• ASSIGNED TASK: In the records below, the lines between the one holding "Vegetariska köttbullar med" and the one holding "M388支持JAVA程序,因", inclusive, are to be transcribed exactly; no pictures are to be included.
------------------------------------------------
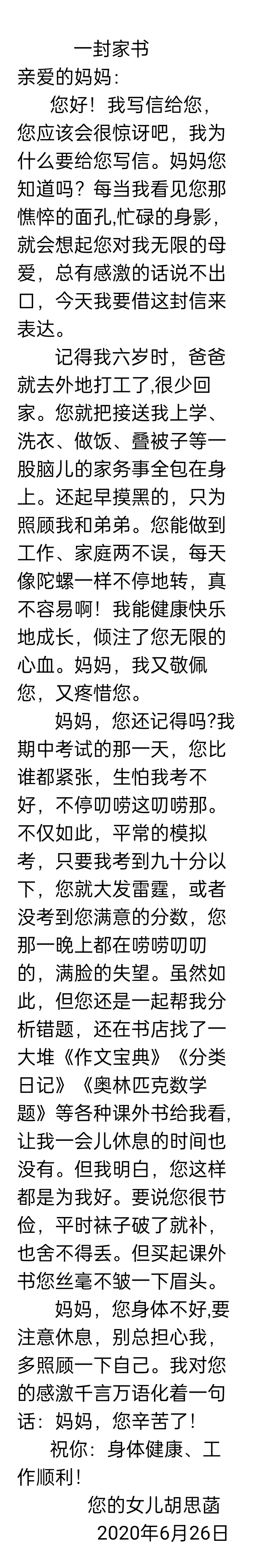 今天,“少年领读者·一封家书”编辑组收到了来自武汉市新洲区邾城街第六小学胡思菡同学写给妈妈的一封信。
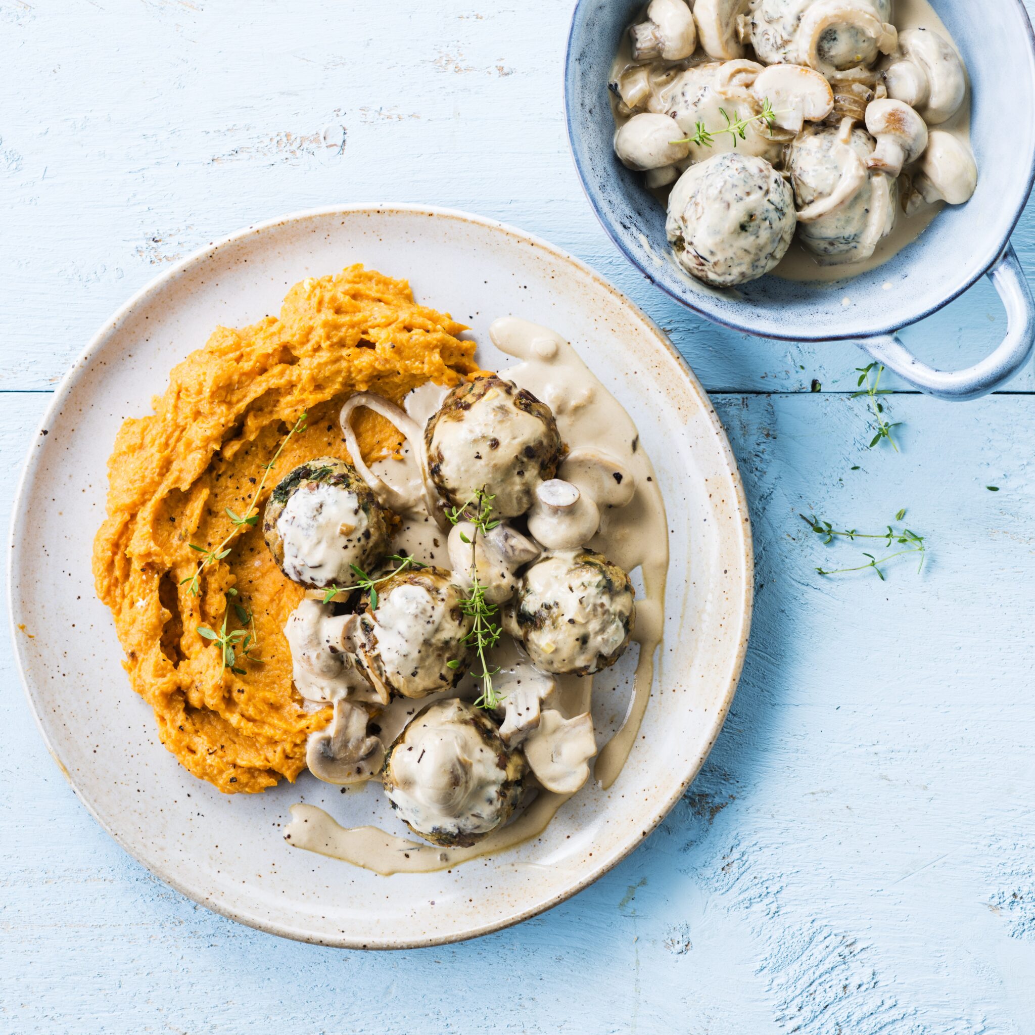 Vegetariska köttbullar med svampsås och sötpotatismos
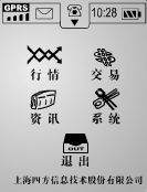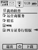 M388支持JAVA程序,因此可以方便地扩充它的功能,我们可以下载读书软件、游戏、电子词典等等。这里给大家介绍一个需要在线使用的应用软件,即专门用来进行股票交易的四方证券移动炒股系统(能够进行无线股票交易的软件很多,笔者以此软件来介绍M388应用软件的用法。有关该软件的详细资料,大家可以登录http://www.sifang.net进行查阅)。它是上海四方信息技术股份有限公司的产品。它的使用方法是:
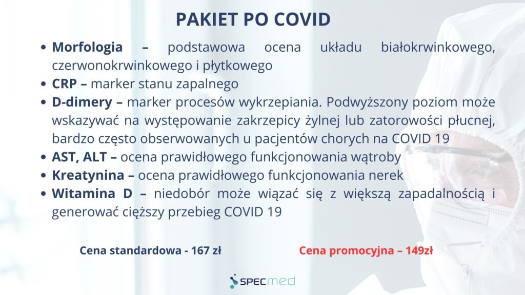 Coraz częściej opisywane są negatywne następstwa i powikłania po przejściu COVID 19. Należą do nich: zaburzenia sercowo-naczyniowe, bóle stawowo-mięśniowe, utrzymujący się kaszel, zmęczenie i zaburzenia funkcji poznawczych. Wyniki badań zawartych w pakiecie mogą pomóc w ocenie stanu zdrowia, trafnej diagnozie i wdrożeniu odpowiedniego leczenia. W skład pakietu wchodzą:
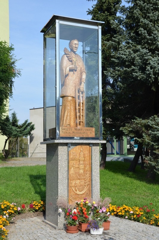 Figura św. Wawrzyńca, patrona miasta Wodzisława Śląskiego stoi na skraju ronda im. św. Wawrzyńca. Rzeźba przedstawiająca świętego jest nowa, została odsłonięta bowiem 22.06.2010 roku. Jednak już 10.08.1536 mieszkańcy Wodzisławia oddali się pod opiekę świętego, by poprzez jego wstawiennictwo odwrócić nieszczęścia jakie spadają na ich miasto. Nie wiadomo jakie to kataklizmy nawiedzały miasto. Być może był to pożar, powódź, a może epidemia. Niemniej jednak od tego roku rozpoczął się kult świętego Wawrzyńca.
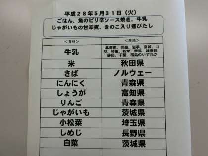 5月31日(火)の給食食材産地について
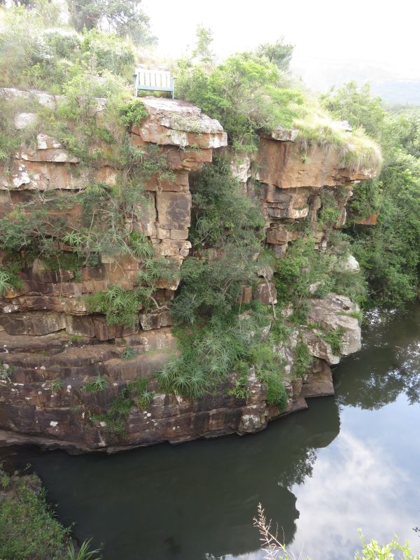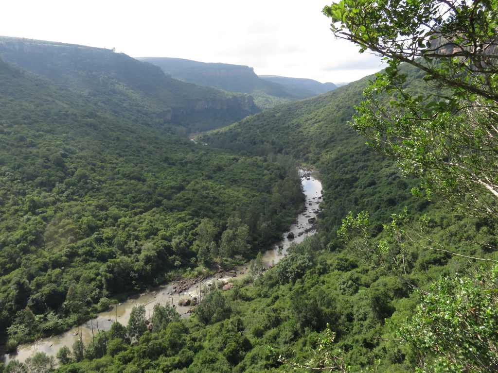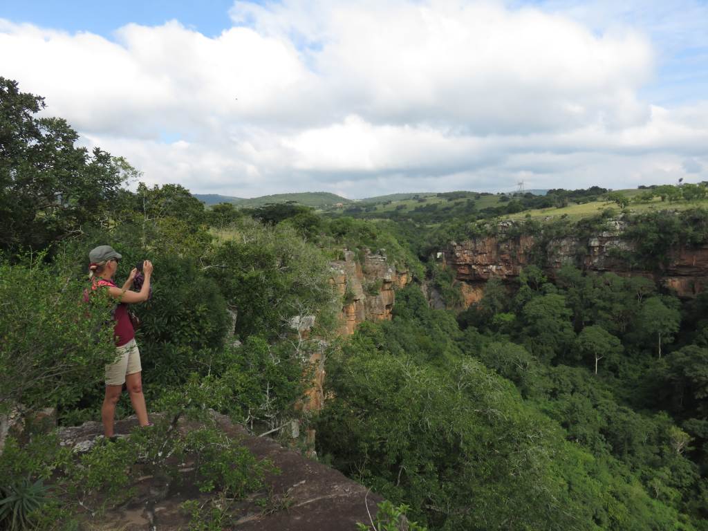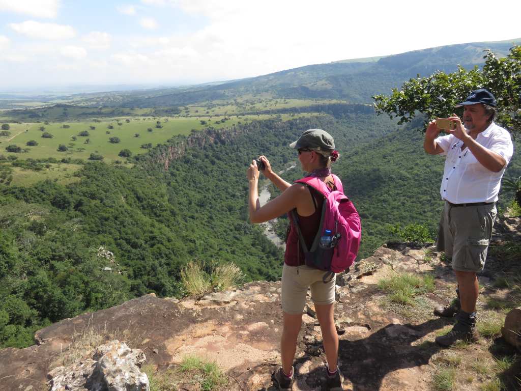 The walk along the top is very pleasant with a variety of plant and insect life typical of thornbelt vegetation - particularly noticable were the butterflies, mostly white but several other more colourful ones were spotted. "Viewpoint" stops along the way give a breathtaking view of the river valley below, and provide photo opportunities as well as a drinks break. In the distance alongside the river we did spot what appeared to be a Fish Eagle with his/her eye on the rather low river, it was noted that the rocky bottom of the river was now clearly visable whereas on previous hikes this had been well below the water level.
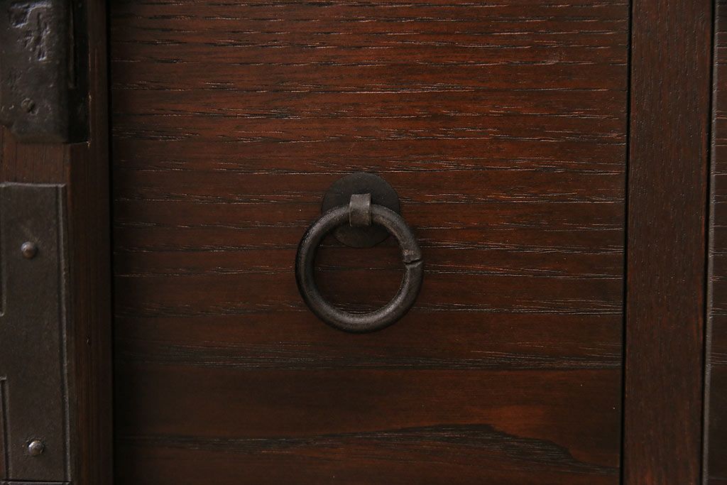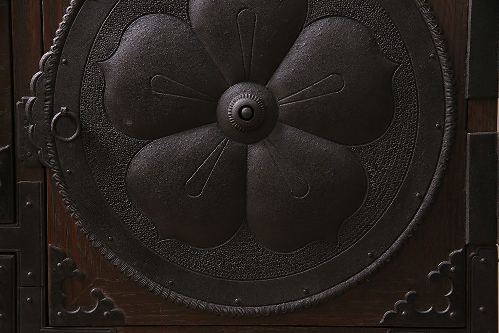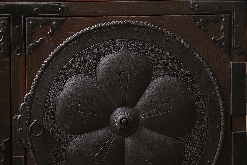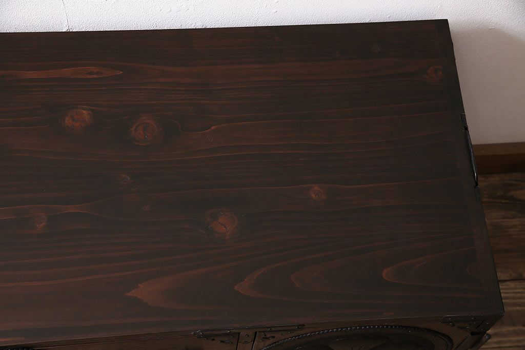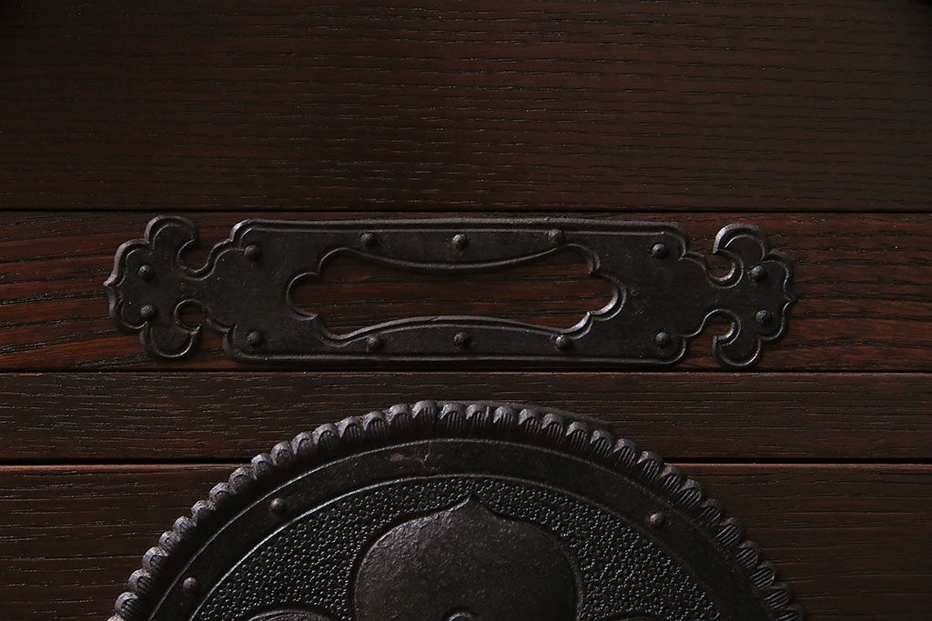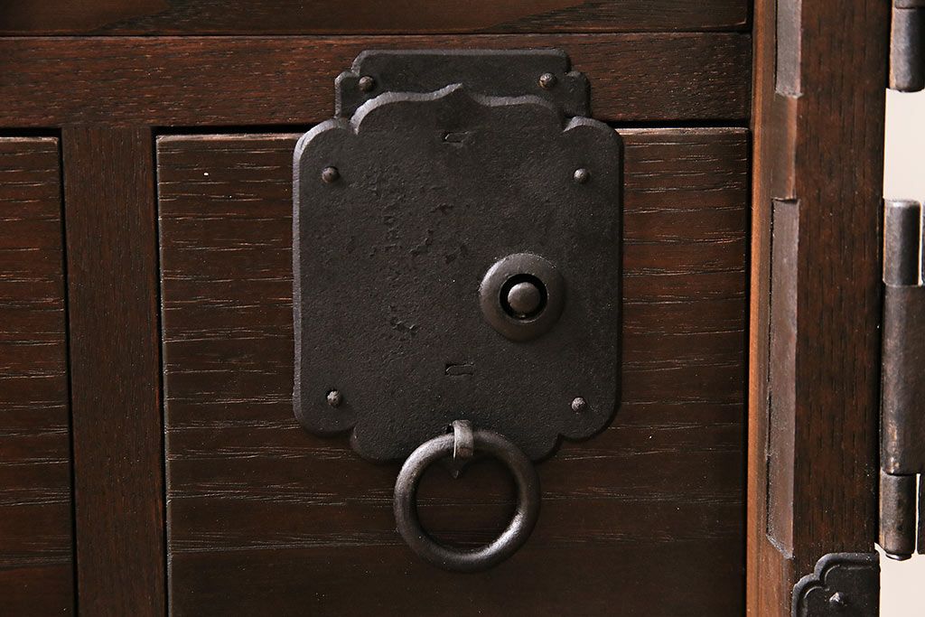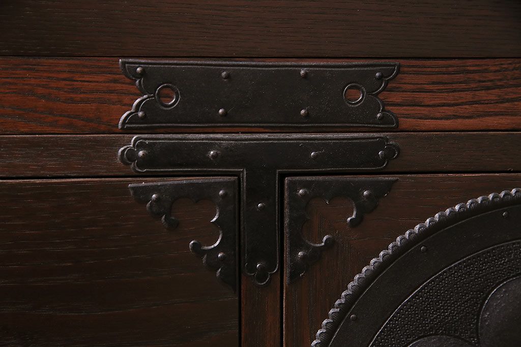 和箪笥> 衣装箪笥 > 重ね箪笥を新規製作!栗材、桐材、ヒノキ材で製作。アンティーク仙台箪笥の金具を使用。濃い茶色で着色し仕上げ。(衣装箪笥、収納箪笥、引き出し)
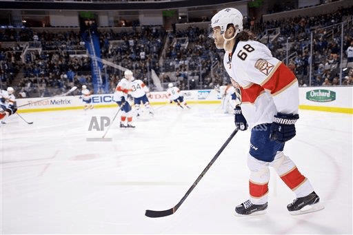 SAN JOSE–The Florida Panthers gave Jaromir Jagr a pretty decent 45th birthday present. The Cats beat the San Jose Sharks 6-5 in overtime Wednesday night, with Jonathan Huberdeau netting the game-winner1:38 into the extra session. Brent Burns scored his team-leading 25th goal and Joe Pavelski had a four-point night to help erase a 3-1 and 5-3 deficit, giving the Sharks the loser point with an OT loss. Aleksander Barkov and Nick Bjugstad each scored a pair of goals for Florida.
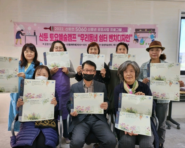 [금요저널] 신둔면 평생학습센터는 5060신중년 토요예술캠프 신중년 사업으로 행정봉투 디자인을 운영 신둔의 봄과 여름 두 가지 디자인을 출시했다.
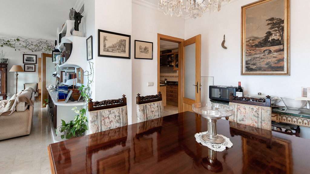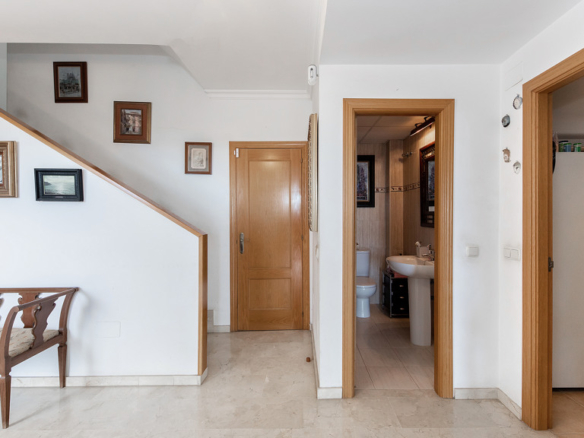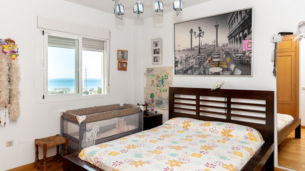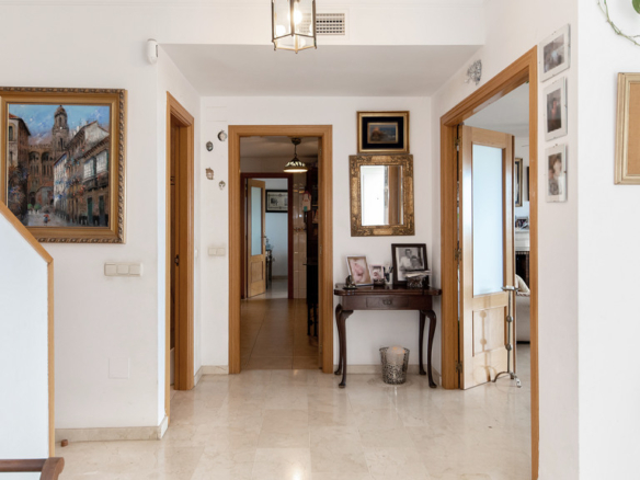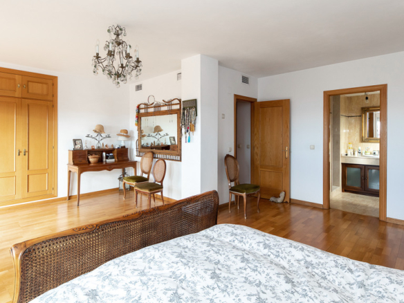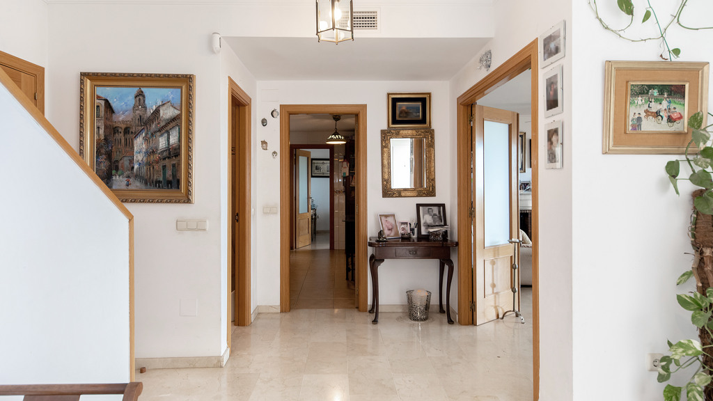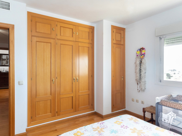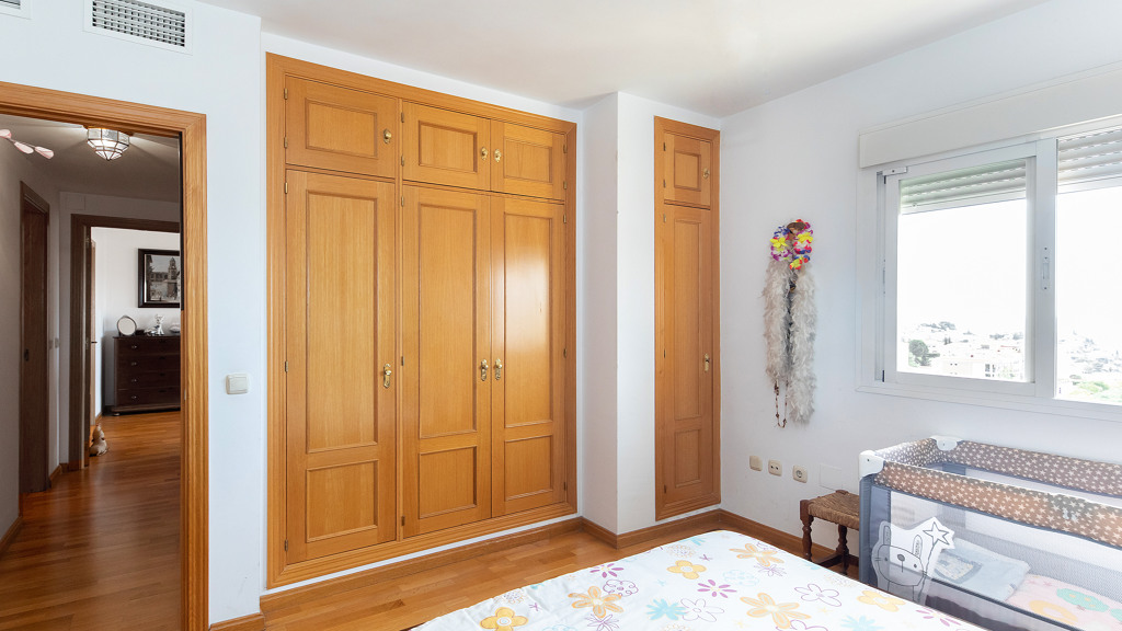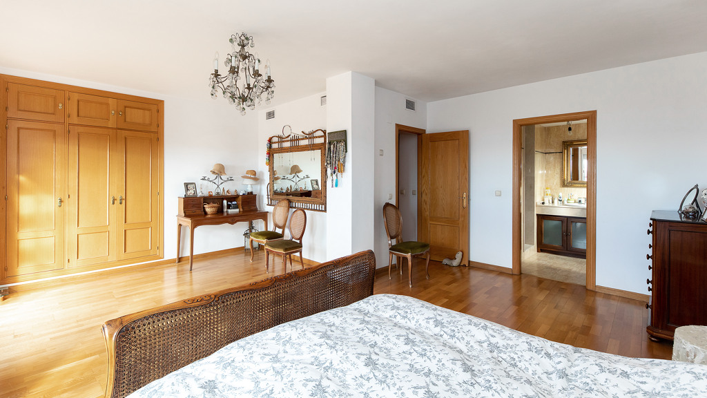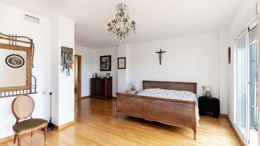 On the first floor we finde the bedrooms, they are two and of great size, one of them with dressing room and bathroom en suite. There is also an additional bathroom. The corridor has been used to make the most of the space by installing built-in wardrobes. From this floor there is access to the communal areas of the urbanization, where we find gardens for children to play and a communal swimming pool with good views.
------------------------------------------------
• YOUR RESPONSE:
 Vegetariska köttbullar med svampsås och sötpotatismos
 M388支持JAVA程序,因此可以方便地扩充它的功能,我们可以下载读书软件、游戏、电子词典等等。这里给大家介绍一个需要在线使用的应用软件,即专门用来进行股票交易的四方证券移动炒股系统(能够进行无线股票交易的软件很多,笔者以此软件来介绍M388应用软件的用法。有关该软件的详细资料,大家可以登录http://www.sifang.net进行查阅)。它是上海四方信息技术股份有限公司的产品。它的使用方法是:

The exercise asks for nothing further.